▶ [WORK ORDER]:
Extract, exactly and without pictures, every line from the one that includes "下星期菜單準備好了!當天上午11:30前記得 WhatsApp 07724" through the final line of the material below.

▶ [INPUT DATA]:
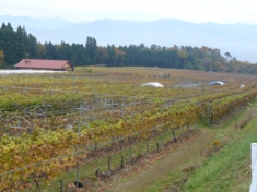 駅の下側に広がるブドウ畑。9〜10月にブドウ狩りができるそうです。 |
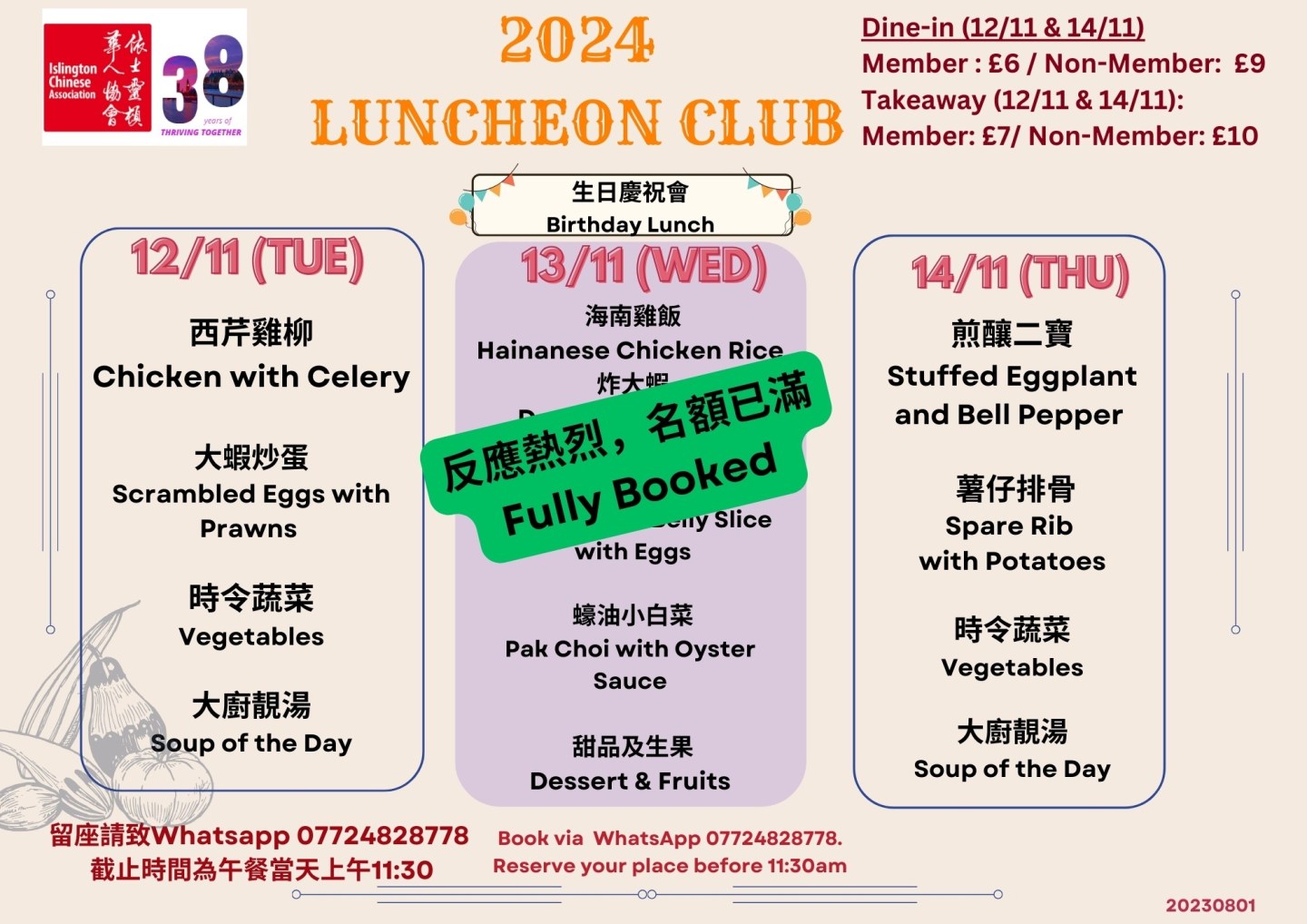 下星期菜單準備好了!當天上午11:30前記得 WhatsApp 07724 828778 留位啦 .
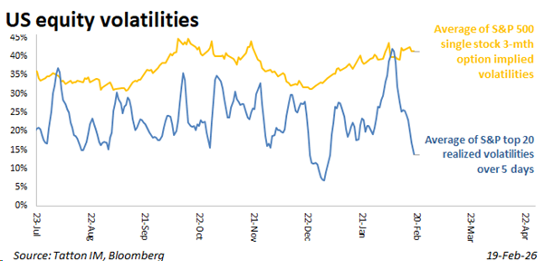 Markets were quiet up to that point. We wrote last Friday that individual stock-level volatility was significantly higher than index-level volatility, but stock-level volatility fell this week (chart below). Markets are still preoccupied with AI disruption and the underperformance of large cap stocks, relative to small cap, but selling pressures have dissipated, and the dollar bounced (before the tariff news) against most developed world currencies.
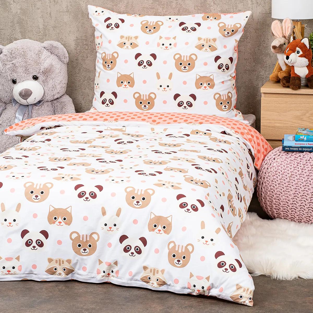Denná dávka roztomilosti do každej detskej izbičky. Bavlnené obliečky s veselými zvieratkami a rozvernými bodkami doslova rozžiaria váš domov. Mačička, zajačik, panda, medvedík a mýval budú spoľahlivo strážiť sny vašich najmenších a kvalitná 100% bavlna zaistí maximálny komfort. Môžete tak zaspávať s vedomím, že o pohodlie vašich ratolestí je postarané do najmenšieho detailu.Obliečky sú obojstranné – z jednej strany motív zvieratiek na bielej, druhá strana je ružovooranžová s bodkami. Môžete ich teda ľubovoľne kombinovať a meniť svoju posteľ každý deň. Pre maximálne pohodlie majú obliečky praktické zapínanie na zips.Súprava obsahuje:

▶ [ANSWER AREA]:
 下星期菜單準備好了!當天上午11:30前記得 WhatsApp 07724 828778 留位啦 .
 Markets were quiet up to that point. We wrote last Friday that individual stock-level volatility was significantly higher than index-level volatility, but stock-level volatility fell this week (chart below). Markets are still preoccupied with AI disruption and the underperformance of large cap stocks, relative to small cap, but selling pressures have dissipated, and the dollar bounced (before the tariff news) against most developed world currencies.
Denná dávka roztomilosti do každej detskej izbičky. Bavlnené obliečky s veselými zvieratkami a rozvernými bodkami doslova rozžiaria váš domov. Mačička, zajačik, panda, medvedík a mýval budú spoľahlivo strážiť sny vašich najmenších a kvalitná 100% bavlna zaistí maximálny komfort. Môžete tak zaspávať s vedomím, že o pohodlie vašich ratolestí je postarané do najmenšieho detailu.Obliečky sú obojstranné – z jednej strany motív zvieratiek na bielej, druhá strana je ružovooranžová s bodkami. Môžete ich teda ľubovoľne kombinovať a meniť svoju posteľ každý deň. Pre maximálne pohodlie majú obliečky praktické zapínanie na zips.Súprava obsahuje:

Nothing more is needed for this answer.